Parents may not realize it, but they’ve actually been teaching their kids how to drive for well over a decade now. Your kids have been studiously studying your behavior behind the wheel since they first learned how to walk and talk. If you regularly swerve in and out of traffic while driving 20 m.p.h. over the speed limit, chances are your son or daughter is going to pick up the same habits.
Parent driving habits and teen behavior
Several studies show parents often take a “do as I say, not as I do” approach, which doesn’t work when it comes to driving. Teen driving safety advocate Jennifer Smith points out that “the teens today that are doing this (using cell phones or doing other reckless things while driving) are the ones who watch their parents do it.” (Copeland, 5-14-2012) And there’s no shortage of parents modeling bad behaviors. In an AT&T survey of 1,200 teens ages 15 to 19, 77% said that adults tell kids not to text or email while driving, yet 41% reported seeing a parent text while driving. (ibid) A different survey found that 65% of parents use their cell phones while driving. (Mahoney, 2009) And almost all of us are guilty of eating and drinking behind the wheel. What type of message does this send your kids about the dangers of these activities?
While you can’t go back and erase what kids have seen in the past, you can fix these things going forward. Even if you have an assortment of bad habits, making a conscientious effort to clean them up around your youngster will help.
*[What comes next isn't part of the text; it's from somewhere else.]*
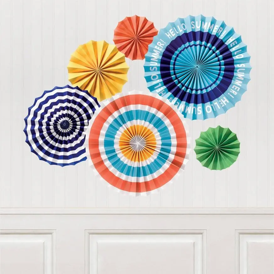 It’s time to say hello to summer fun! These paper fans instantly transform your party space, whether you mount them on the wall or hang them. The six-piece kit includes fans of varying sizes in coral, blue, green, and yellow, with a “Hello Summer” message on one extra-large decoration.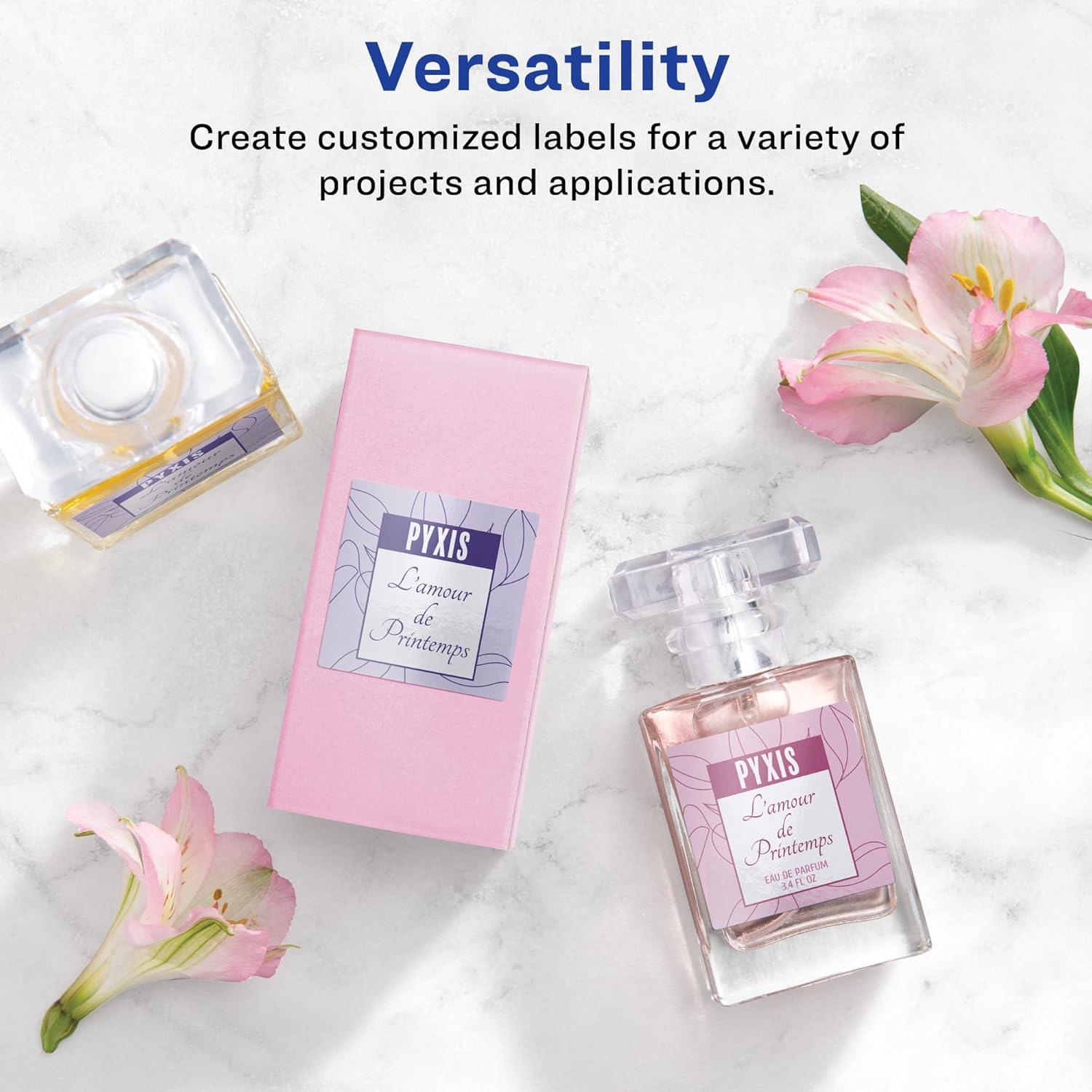 Add a beautiful shine to candle labels, mason jar labels, pricing labels, soap labels, product labels, canning labels, ingredient labels and more with Avery 1.5″ x 1.5″ Glossy White Square Labels. Avery square labels are carefully constructed with patented features to provide the best results. Sure Feed technology prevents jams or smudges by creating a more reliable feed through your printer. The print-to-the-edge layout lets you print beautiful full-bleed designs that fill each blank sticker to the edge. These glossy white square labels are compatible with both laser and inkjet printers so that you can effortlessly print bold, bright colors and clear, sharp text. The sturdy permanent label adhesive makes sure that your labels stick and stay to a variety of surfaces without peeling, curling or falling off. Easily customize labels with your own designs, art, symbols and messaging by using the free label templates and designs in Avery Design & Print. Whether you're creating product labels for a small business, custom labels for classrooms or professional labels for the office, Avery glossy white labels will add a brilliant and beautiful shine to any project.

- If you still engage in these habits, it’s time to stop.
Ideally, parents should start cleaning up their act about two years before their teen starts driving, or at around age 14. They shouldn’t do these things at all when kids are in the car. To put things in perspective, texting while driving makes you thousands of times more dangerous to your children than any sex offenders living in your community.
- Fess up about your bad habits.
Let your teen know that you’re aware you shouldn’t be doing these things, and that you’re going to start working hard at stopping. Kids can tolerate failures and imperfection in their parents, just not hypocrisy. So long as you convey the message that these things are important, they’ll forgive the occasional transgression if you’re honest and sincere about changing. If kids see you put forth the effort to be safe, they will too.
- Make strides towards safety together.
Learn about why you shouldn’t talk on the phone or text while driving by reading some of the research together. Look up You Tube videos of people who have walked into mall fountains or off of piers because they were texting. Agree to give each other gentle reminders when you see the other breaking the rules.
“The whole driving aspect starts from the moment we bring our kids home from the hospital. Our kids are learning from us day one. We’ve got to think about what we’re doing.” – Pam Fischer, director of the New Jersey Division of Traffic Safety
Start modeling safe driving when the kids are young
Don’t wait until the teenage years to start teaching your kids about safe driving. Parents waste away thousands of driving lessons when their children are younger. Anytime the kids are in the car with you they can be learning, even when they’re not driving. Simply talk about safe driving techniques while you drive. Not only does this help focus your own mind on safety, but it builds a repertoire of safe habits in your child’s brain that they’ll carry with them into their own driving.
Even with kids as young as four- or five-years-old, this can start building skills for the future. “Here’s a stop sign, come to a complete stop, look left, look right, then pull out cautiously.” This type of talking can build up neural connections in the brain that leads them to perform safe driving actions automatically…much like listening to a song over and over again will wedge the lyrics into your mind, so that you start humming it automatically when something reminds you of it. If you develop the same type of neural pathways for common driving actions (“Both hands on the wheel, eyes on the road”) it can encourage safe driving habits in the subconscious that will serve your child well. They’ll be driving down the road and will get a mental reminder out of nowhere that will keep them focused, the product of your talking about it in your own driving all these years. It’s your way to establish that nagging voice in their heads for safety even when you’re not in the car.
With adolescents, it’s a little late for this type of cutesy word plays, (it’s perfect for their younger siblings!), but once your youngster is approaching driving age, merely talking about driving safety in the car helps a great deal. Talk about it when you see someone speeding or running a red light. Talk about how you have to keep an eye on other drivers, who may or may not be focused on the road. Talk about the proper way to merge onto the Interstate. Talk about times past when you’ve almost gotten into an accident, or when someone else hit you. Talk, talk, talk, about anything you can regarding driving safety. The more you do it, the more these things sink in and become second nature.